A package manager where every release has to be reviewed, tested and approved
before they become generally available would be a pretty interesting case, I
know bigger companies who are reluctant to upgrade because of known bugs in
the past would be willing to pay for something like that.

------
mmcclure
There's quite a bit of hand wringing about whether or not this is good or bad
as if there's no universe in which Entropic and NPM simply co-exist.
Options/competition is good for tools like this, why not encourage it?

On the "new registries" note, though, and I might be alone on this one, I'm
honestly the most interested in Github's package registry. No, it's not
decentralized, yes it's still owned by a big company, but I'm personally fine
with the tradeoffs there.
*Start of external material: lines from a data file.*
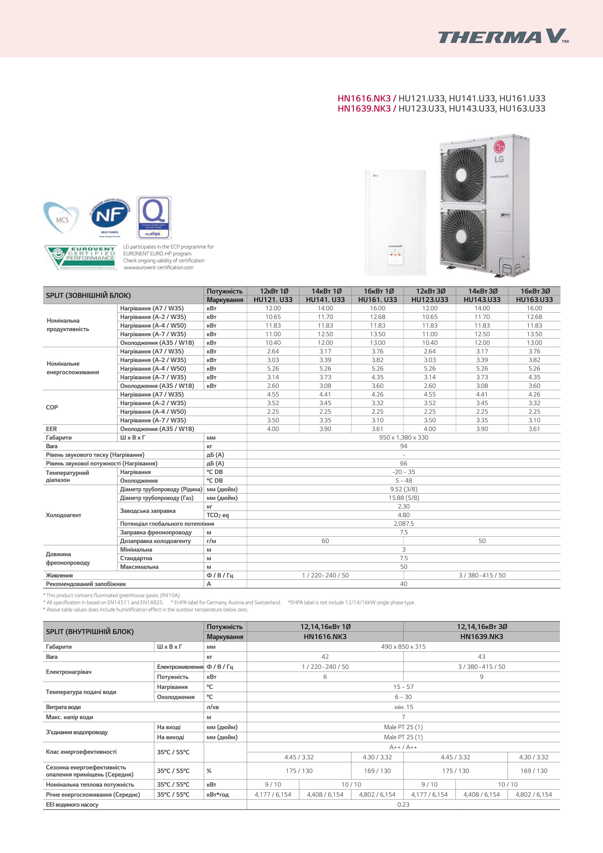 Инверторный тепловой насос воздух-вода LG Therma V – HN1616.NK3, HU161.U33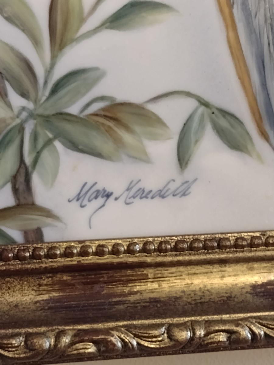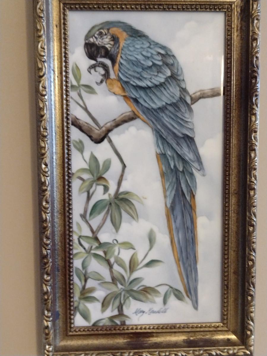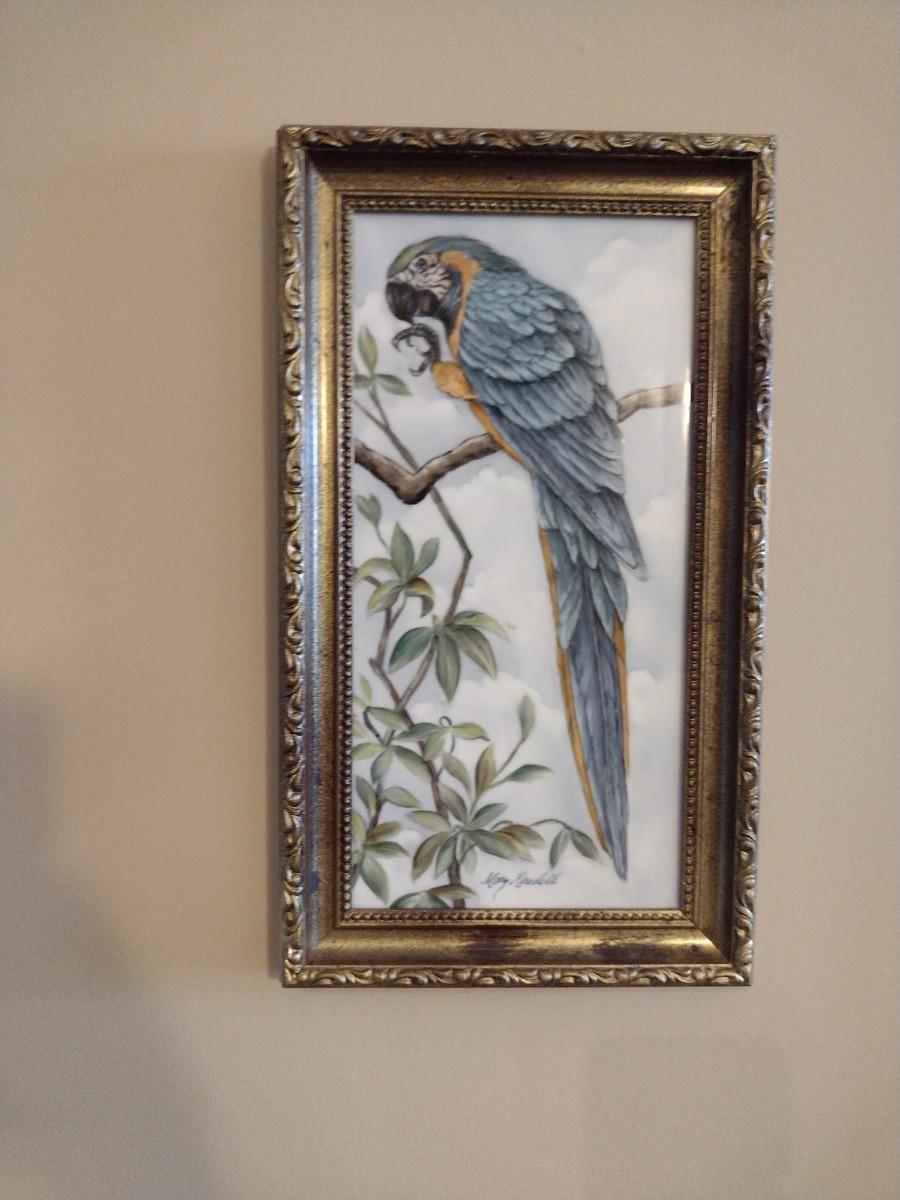 Framed Hand Painted Ceramic Tile by Local Artist- Blue-and-Gold Macaw- Approx 8" x 14"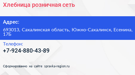 Хлебница, розничная сеть по адресу 693013, Сахалинская область, Южно-Сахалинск, Есенина, 17Б в дальнейшем Организация, размещена в следующих категориях: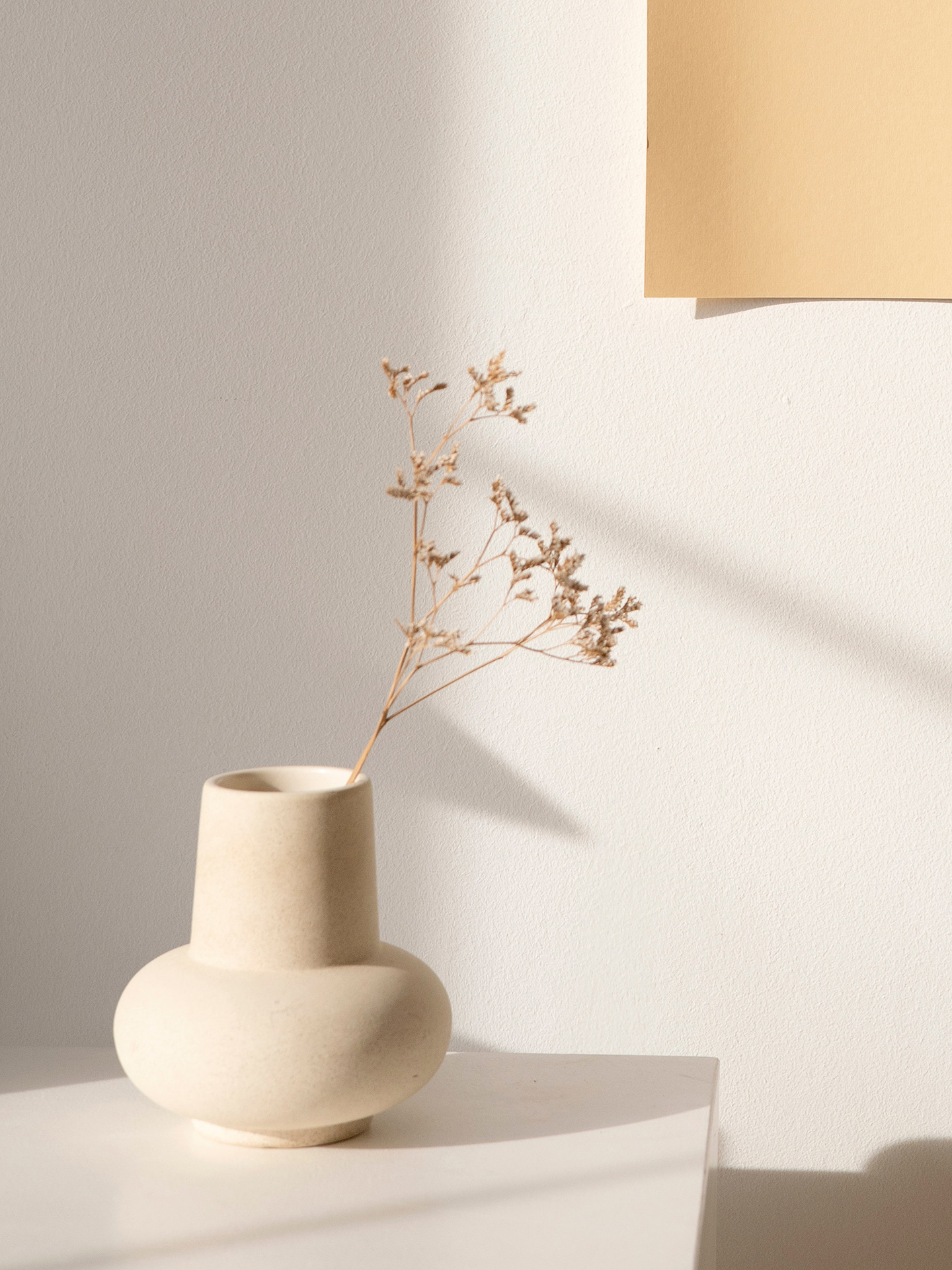 The "Ann" is a minimalist ceramic vase with 2 segments - wider at the bottom and narrower at the top. It's perfect for showcasing a single stem flower.

It's kind of reassuring that the entirety of
Github's revenue is a rounding error for Microsoft, so I at least don't think
there's the same concern around the VC backing of NPM.

------
boblebricoleur
As "life finds a way", I believe packages will find a way too.
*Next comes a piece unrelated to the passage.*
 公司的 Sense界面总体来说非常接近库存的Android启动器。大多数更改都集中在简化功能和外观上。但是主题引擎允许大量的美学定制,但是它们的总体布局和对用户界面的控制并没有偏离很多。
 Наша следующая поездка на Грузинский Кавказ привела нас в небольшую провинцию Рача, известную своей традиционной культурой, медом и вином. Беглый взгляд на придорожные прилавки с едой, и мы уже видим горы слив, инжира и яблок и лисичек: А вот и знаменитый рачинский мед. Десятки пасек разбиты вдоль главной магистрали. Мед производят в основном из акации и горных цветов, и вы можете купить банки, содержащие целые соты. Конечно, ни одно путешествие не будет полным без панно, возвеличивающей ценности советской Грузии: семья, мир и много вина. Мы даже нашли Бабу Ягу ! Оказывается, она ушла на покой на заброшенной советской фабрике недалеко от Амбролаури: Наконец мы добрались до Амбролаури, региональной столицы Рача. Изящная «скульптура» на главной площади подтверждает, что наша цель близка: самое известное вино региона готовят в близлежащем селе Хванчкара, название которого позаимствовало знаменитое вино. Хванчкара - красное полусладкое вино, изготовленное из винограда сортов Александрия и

If npm stops being the go-to solution, another one will take its place,
naturaly adopted by the community, following the path of least resistance.
Centralized or not. It does not really matter. What does matter is the code
that's being downloaded. Modules dependencies management is an old problem,
countless of tools have tackled.

Is the node and front projects architectures that dependent on npm ? It's a
little coupled but not that coupled ? The dependency management still require
a little brain power from dev teams, or does it really fully relie on the
package managers ?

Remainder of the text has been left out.